Mr. Liang, a Stanford-educated electrical engineer who was a member of the original team that designed Google Maps, said that data compression had made it possible to capture the speech conversation of a person’s entire life in just two terabytes of information — compact enough to fit on storage devices that cost less than $50.

Video

Video player loading
Mr. Liang demonstrates the Otter.ai automatic speech transcription service.CreditCreditJim Wilson/The New York Times

The rapid improvement in speech recognition technology, which over the past decade has given rise to virtual speech assistants such as Apple’s Siri, Amazon’s Alexa, Google Voice, Microsoft Cortana and others, is spilling into new areas that are beginning to have a significant impact on the workplace.

These consumer speech portals have already raised extensive new privacy concerns. “Computers have a much greater ability to organize, access and evaluate human communications than do people,” said Marc Rotenberg, the president and executive director of the Electronic Privacy Information Center in Washington. In 2015, the group filed a complaint with the Federal Trade Commission against Samsung, arguing that the capture and storage of conversations by their smart TVs was a new threat to privacy. Speech transcription potentially pushes traditional privacy concerns into new arenas both at home and work, he said.

It will almost certainly pose new privacy questions for corporations. Mr. Liang said that companies were interested in capturing all of the conversations of employees, including what goes on around the water cooler.

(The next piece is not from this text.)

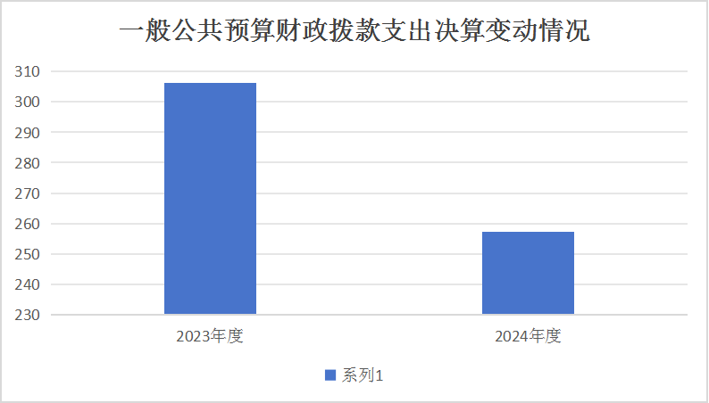 2024年度一般公共预算财政拨款支出257.19万元,占本年支出合计的100%。与2023年度相比,一般公共预算财政拨款支出减少49.09万元,下降16.02%。主要变动原因是2023年度因单位维护维修造成了一定的费用开支,2024年度不存在此项费用。

“This is the power of this new knowledge base for the enterprise,” he said. “They recognize that people spend so many hours every day in meetings, they want to understand how the ideas move around and how people actually talk to each other.”

The rapid advances being made in the automated transcription market in the past year show striking near-term potential in a growing array of new applications. This fall, for example, at the University of California, Los Angeles, students on campus who require assistance in note taking, such as those who are hearing-impaired, are being equipped with the Otter.ai service. The system is designed to replace the current note-taking process where other students take notes during classes and then share them.

In May, when the former first lady, Michelle Obama, visited campus as part of a student signing day celebration, deaf students were given access to a instantaneous transcription of her speech generated by the transcription service.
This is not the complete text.